Ruud Van Empel - digital collage Ruud Van Empel - digital collage Ruud Van Empel - digital collage Ruud Van Empel - digital collage

Dutch artist Ruud Van Empel is following in the footsteps of his Flemish ancestors and is creating some pretty confronting portraits. He digitally collages images of innocent, wide eyed children into environments of lush, hyper-colored, tropical forests, ponds and gardens. While his pictures are in no doubt beautiful and aesthetically pleasing, there is definitely something unsettling about them. The children seem a bit out of place – staring a bit too intensely at the camera as if they were possessed or hypnotized. Everything seems a bit too perfect, a bit too beautiful.

Van Empel sometimes spends weeks collating images from multiple sources to build one digital portrait. The reason his portraits seem so weird is because they are pictures of people that don’t really exist. This is a bit of an insight into his process:

First he collects all the features he needs by shooting a variety of young models in his studio and by subsequently wandering through Dutch forests, in search of fine leaves, perfect branches and the right waters. Only to tear it apart and spend weeks reconstructing it all until both the person and the setting match his desired standard of photo-realism. (Source)

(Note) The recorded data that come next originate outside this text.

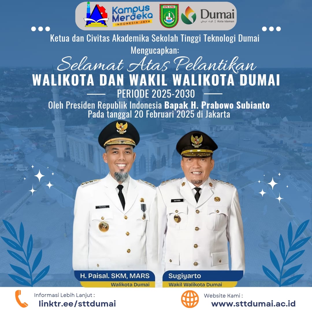 Dumai, 20 Februari 2025 – Ketua dan Civitas Akademika Sekolah Tinggi Teknologi (STT) Dumai dengan penuh kebanggaan mengucapkan selamat atas pelantikan H. Paisal, SKM, MARS sebagai Wali Kota Dumai dan Sugiyarto sebagai Wakil Wali Kota Dumai untuk periode 2025-2030. Pelantikan ini dilakukan langsung oleh Presiden Republik Indonesia, Bapak H. Prabowo Subianto, di Jakarta pada tanggal 20 Februari 2025.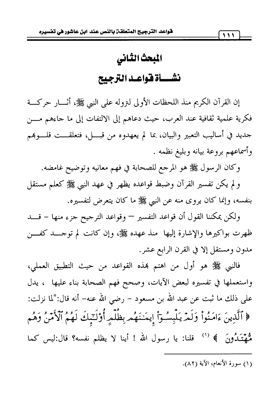 كتاب قواعد الترجيح المتعلقة بالنص عند ابن عاشور في تفسيره التحرير والتنوير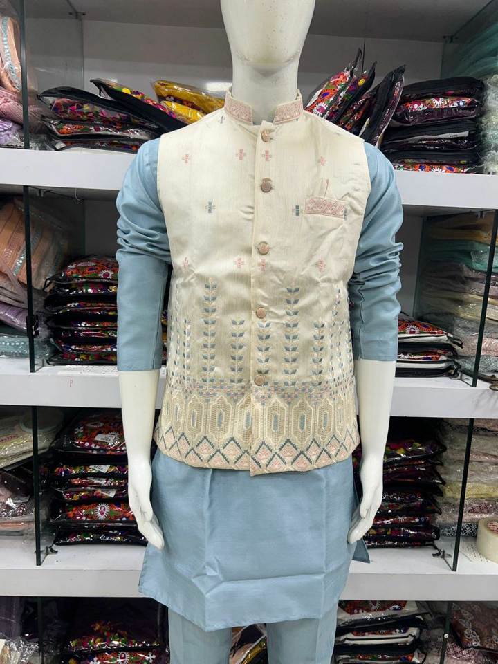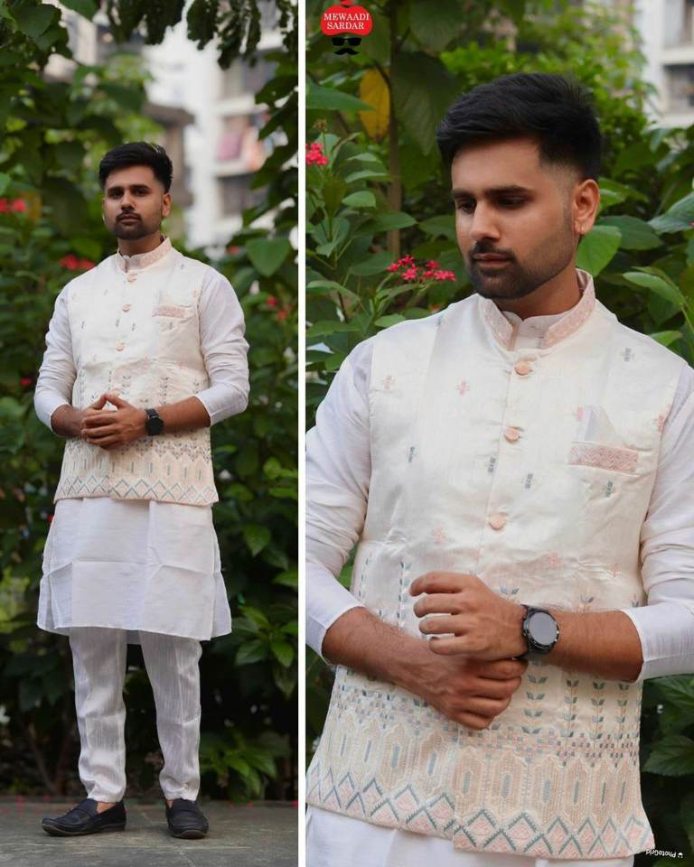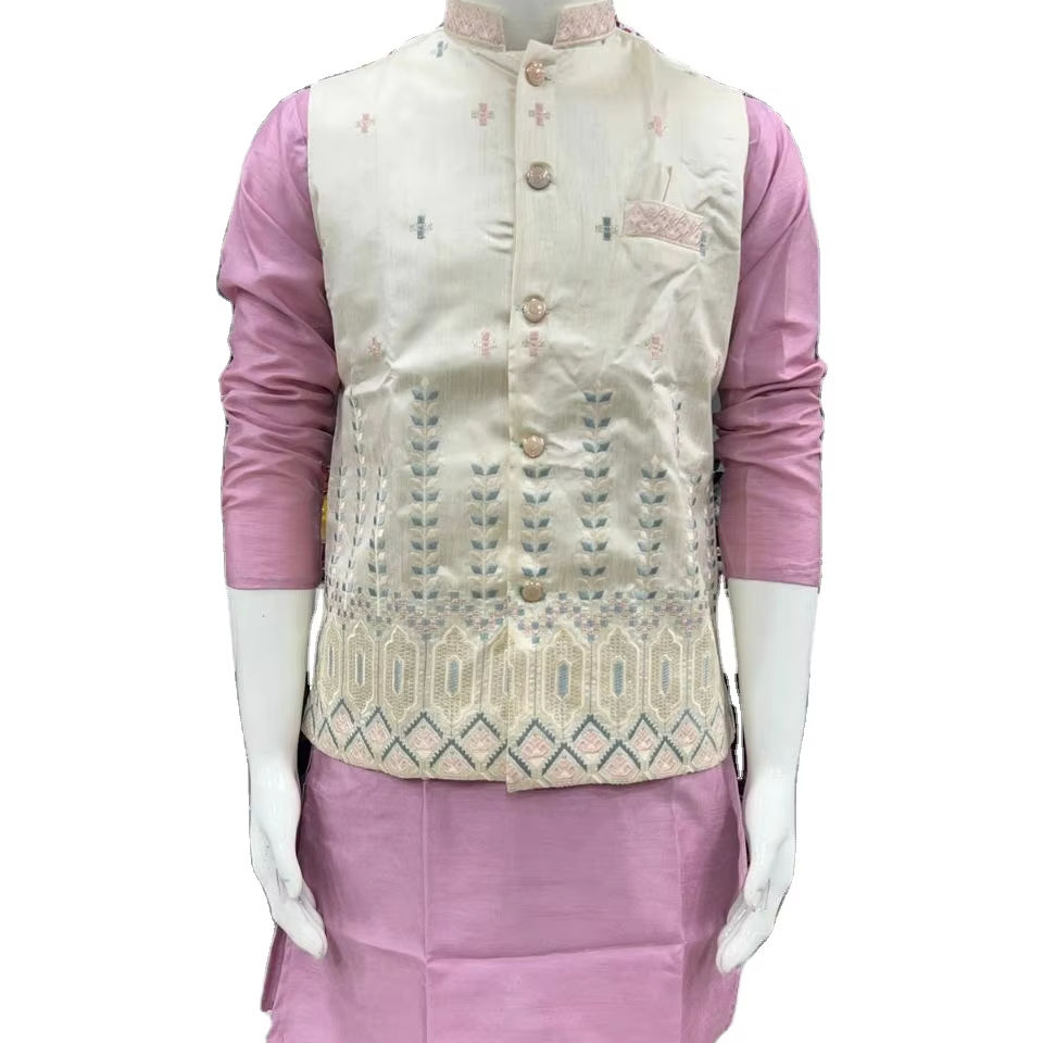 Prêt à Porter Fête de Mariage Causal Wear Hommes Banglori Soie Kurta & Bas Avec Différents Manches Motif Point

It can also not go unnoticed that a majority of the kids in Van Empel’s photography are black. The artist himself grew up in a small Dutch village with a large white population. He speaks more about this influencing his work:

I grew up in a small Catholic town in the south of the Netherlands. There was only one black boy in my primary school class. In the portrait Generation 1 I expressed this situation. It shows a white class with just one black pupil. With World#1 I decided to work with more black children. It set off a whole new series of work. First I thought of portraying a girl in a dirty, old and torn-up dress, as if she were very poor. I suppose this idea popped up in my head because of the image we westerners are often given. I didn’t really like that idea though, and decided to give them the clothes my generation wore when we were kids, especially because those clothes looked very innocent to me. (Source)

Van Empel is currently exhibiting at Wagner + Partner Gallery in Berlin, Germany, until June 13th.